IMHO the Picoscope 4262 is also a great device for audio investigation up to 16 bits of resolution 16Mpts buffer, decent analogue genny and really good FFT's and for the cost its decent, a couple of us on here use them regularly for good reasons.
As good as all these audio anaysers are, I still use the Lecroy attached at the same time to the signle ended analogue outputs using both time & frequency domain above the usual audio BW restrictions, you can see a lot more going on further up the rev range if you like ;D
This peaked my interest although purely an analogue domain unit, its features and size make it ideal for a portable in the field unit.
https://www.virtins.com/RTX6001.shtml (https://www.virtins.com/RTX6001.shtml)
Would also agree with the HP 3561A as well if you have the spa on the bench.
-
We second the PicoScope 4262, although don't use as much as we should since it requires a laptop, and we much prefer a dedicated standalone DSO. Also does quite a respectable job as a low frequency FFT analyzer, or FRA.
Best,
-
We second the PicoScope 4262, although don't use as much as we should since it requires a laptop, and we much prefer a dedicated standalone DSO. Also does quite a respectable job as a low frequency FFT analyzer, or FRA.
Best,
1+ for Pico 4262
-
In my view it's unclear if the OP is looking for a spectrum analyser working in the audio band or a so called "audio analyser" with all the audio related measurement function.
If the request is about the second, there are some 90s R&S UPA-UPL-UPV etc. all-in-one boxes on the bay site at interesting price.
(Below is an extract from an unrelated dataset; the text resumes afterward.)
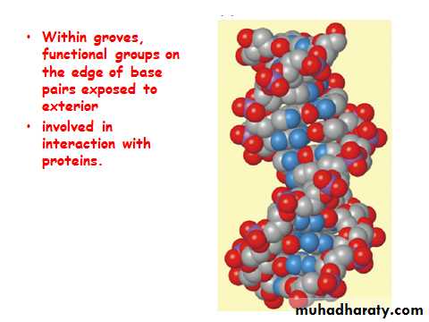 Distance between the 2 sugar-phosphate backbones is always the same, give DNA molecule a regular shape.Plane of bases are oriented perpendicular to backbone

As usual there are limits like FFT resolution, no more support etc. some are MS-DOS based machines.
With about 2000 USD you get a UPA that is still a good machine for not-so-demanding measures.
I personally own a AP SYS-2300, still impressive but still pricey
-
In my view it's unclear if the OP is looking for a spectrum analyser working in the audio band or a so called "audio analyser" with all the audio related measurement function.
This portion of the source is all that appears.